You think that same fatality rate will sweep across the entire US?
As things are, I doubt it, because state governments are acting in a suitably conservative manner. I think it could if we significantly relax our shelter in place orders without sufficient testing and/or surveillance. Even an IFR of just .27% would kill a million people in the US if everyone were infected.
 
It is perfectly reasonable to "open" up low risk high reward activities today. Low risk would be things where people can easily maintain 6 or more feet distance and are outdoors. The science tells us that most transmissions take place indoors and from family members. This means that people should be going outdoors and not sitting next to each other just watching TV.

That doesn't hold up to logic. At night, people will still sit next to each other watching TV. If one was already infected, they still infect each other. If they were not already infected, they don't get infected out of the blue, unless someone goes outside and gets infected outside.

The more outside activity you allow, the more people will meet on the sidewalk and in public transportation. The rate at which infections are decreasing is still slow. The sooner we get down to a level where we can do test & trace, the sooner we can open up. If you open up before that, R will go above 1 again, more people will get infected than not. The US population will not allow the horror of going for herd immunity. We will have to close up again, and the whole thing will just take longer.

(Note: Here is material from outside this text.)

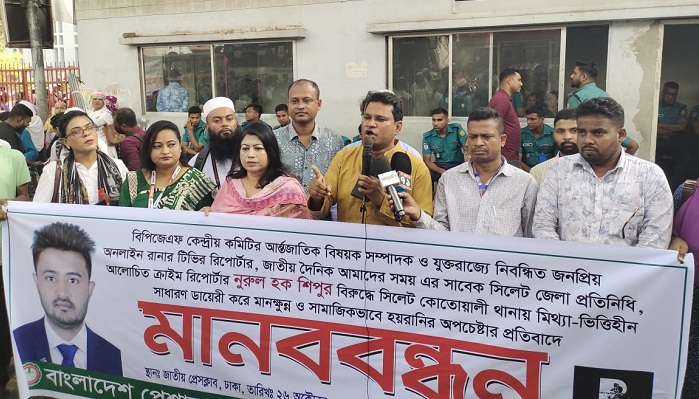 সংবাদ করায় যুক্তরাজ্য প্রবাসী সাংবাদিকের বিরুদ্ধে জিডির প্রতিবাদে মানববন্ধন

I still see no alternative than to go for test & trace first. Everything else seems, honestly, wishful thinking. Ignoring cause and effect.
 
That doesn't hold up to logic. At night, people will still sit next to each other watching TV. If one was already infected, they still infect each other. If they were not already infected, they don't get infected out of the blue, unless someone goes outside and gets infected outside.

The more outside activity you allow, the more people will meet on the sidewalk and in public transportation. The rate at which infections are decreasing is still slow. The sooner we get down to a level where we can to test & trace, the sooner we can open up. If you open up before that, R will go above 1 again, more people will get infected than not. The US population will not allow the horror of going for herd immunity. We will have to close up again, and the whole thing will just take longer.

I still see no alternative than to go for test & trace first. Everything else seems, honestly, wishful thinking. Ignoring cause and effect.

it is genuinely sad that so much of the conversation is about "OPEN UP THE ECONOMY" "FREEDOM" vs pushing for the infrastructure needed to provide everyone masks, testing capacity, isolation centers, and tracing infrastructure. Musk could've been genuinely useful if he pushed for the latter. But the dude seems convinced the whole thing is a hoax and has gone full r/conspiracy.

Genuinely sad and a reminder of why there are so many excess deaths. lots of undercounts.

Courtney Gross on Twitter

these are the type of people Elon is respecting over experts. Genuinely worried about dudes mental health. ♠️♣️ ℕℍ™️♣️♠️ on Twitter

Some institutional holders need to get the Board to put a stop to this lunacy.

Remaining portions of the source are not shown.